Le récit biblique raconte comment Cham voit son père Noé, ivre des fruits de la vigne, couché nu, et avertit ses frères. Sem et Japhet viennent alors le couvrir à l'aide d'un manteau, marchant à reculons pour ne pas être forcé de voir sa nudité. Michel-Ange a placé le décor dans une cabane en bois, avec le corps du patriarche, ivre et endormi, allongé sur un lit légèrement surélevé par des planches le long du bord inférieur avec à côté de lui, deux objets du quotidien, un pichet et un bol. La moitié droite est occupée par ses enfants qui remarquent ce qui s'est passé et essaient de le dissimuler, même s'ils sont eux-mêmes dévêtus. Au centre, sous la cabane, se dresse une grande cuve. Pour le geste de dérision fait par Cam, qui le désigne du doigt, Noé, au réveil, maudira sa lignée : cette condition de réprouvé est soulignée par l'aspect doux et arrondi de son corps, alors que ses deux frères ont des corps athlétiques en phase avec des gestes héroïques.

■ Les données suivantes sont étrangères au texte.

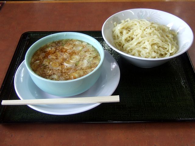 それから、味見させてもらった、こってりスープのつけ麺ですが、タレの味が濃いめのこってりスープに唐辛子とおかかを加えたような感じの付け汁に、締められてツルツル感の増した中太麺の組み合わせが、また。特に付け汁は、変に甘みは加えられておらず、また、酸味もほとんど感じられない、ある意味潔い感じの味で、結構好みかも。

Dehors, à gauche, se déroule la scène précédente, où l'on voit Noé travailler pour défricher la terre où il plantera la vigne. Sa figure, dans l'épisode en arrière-plan, porte une tunique rouge sang, qui a été peinte le dernier des « jours » et conçue, sans recours au carton, à l'aide de glacis de couleur très légers.

Une scène de la Porte du Paradis de Lorenzo Ghiberti est considérée comme un modèle de cette composition (Charles de Tolnay). Quelques détails comme la gestuelle des fils de Noé et la cruche au premier plan à gauche, semblent remonter aux gravures sur bois de la Bible malermienne de 1490 et 1493 (Hartfield, 1991 ; Wind, 1960). A l'arrière-plan, le personnage de Noé maniant la bêche figure déjà dans le relief de Jacopo della Quercia sur la façade de la basilique San Petronio de Bologne. La figure allongée du patriarche est inspirée visiblement de dieux fluviaux antiques (Mariani, 1964)[1].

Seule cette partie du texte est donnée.